Si fa fatica a starci dietro.
E pensare che l’altro giorno la maggioranza, in attesa essa stessa di capire se riuscirà a cacciare qualche euro anche per le cose utili, ha approvato un bilancio di previsione per il 2010 che taglia i già risicatissimi fondi per le c.d. materne parificate, gli asili parrocchiali di Zerman e Campocroce, dove tante giovani coppie portano i propri bambini. Così, dal supporto dei tempi “buoni” (25.000 euro nel 2005-2006) si passa alla cifra irrisoria e risibile di oggi (8.000 euro). Certo, il sindaco ha dichiarato che “salverà le materne parificate” con il bilancio consuntivo (da chi le salverà, poi, visto che è lui che ha tagliato i fondi? Le salverà da se stesso?).
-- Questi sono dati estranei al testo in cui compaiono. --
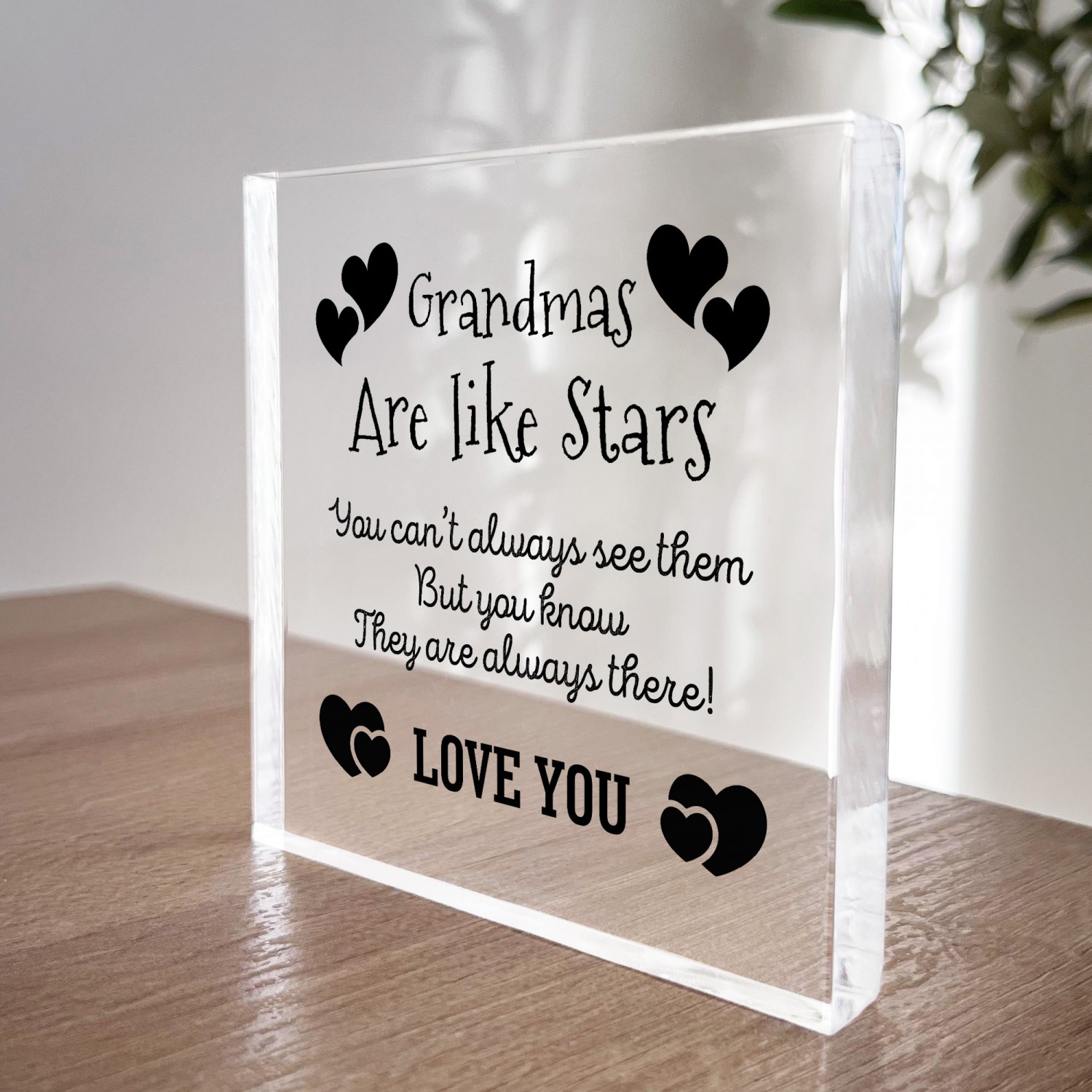 This sign effortlessly adapts to the way you want to display it as it freestanding and the clear material will make it shine where ever it is placed in the room. The plaque is handmade so it means you will receive the best quality gift and is something unique you won't find anywhere else.

Ma intanto, dovendo approvare il provvisorio, è andato a tagliare, tra le altre cose, proprio lì.
Che nobiltà d’animo!
Con una mano si taglia sulla pelle delle famiglie, dei bambini, dei genitori lavoratori (e quindi particolarmente delle donne), mentre con l’altra mano si sciala, creando incarichi e posti per i sostenitori politici.
E’ quanto accade anche in questo caso.
E’ fresca fresca la nomina di Gianfranco Vergani ad addetto stampa del Comune, inquadrato nell’organigramma di Spl (la società tuttofare del Comune), per la bella somma di 20.000 euro a fronte di 20 ore settimanali di impiego per un anno.
Ma andiamo con ordine, per inquadrare bene la vicenda.

L'immagine di copertina, disegnata da Marco Marella, utilizzata per il numero speciale dell'Eco di Mogliano (dal titolo "I nuovi untori") nell'aprile 2009, in risposta all'uscita del numero del Nuovo Terraglio
Ricordate la rivista gratuita “Il nuovo Terraglio“, della quale uscì qualche numero appena prima delle elezioni comunali nel 2009? Ogni articolo, al suo interno, riguardava l’ex sindaco Azzolini (allora sfiduciato e pronto a rilanciarsi nella competizione elettorale), le sue straordinarie doti, e i risultati della sua buona amministrazione. Con un piglio tra il propagandistico e l’agiografico, la rivista esaltò in tutti i modi Azzolini e distrusse i suoi principali avversari politici, cioè gli ex alleati della Margherita e della sinistra responsabili di averlo sfiduciato. Ma queste sono beghe tra loro che poco ci interessano.
Con la rivista, ufficialmente, Azzolini e la sua lista non avevano niente a che fare. Non ci è dato sapere con quali soldi venisse stampata e distribuita. Ma nella sostanza “Il nuovo Terraglio” era stato concepito e realizzato come strumento propagandistico per la campagna elettorale di Azzolini. E infatti, dopo la campagna elettorale, la rivista è scomparsa e non ne è più uscito un numero.
Comprensibile, visto che l’operazione era costosa di per sè, non era economicamente autosufficiente e sostenibile, e soprattutto, dopo la vittoria, era divenuta superflua.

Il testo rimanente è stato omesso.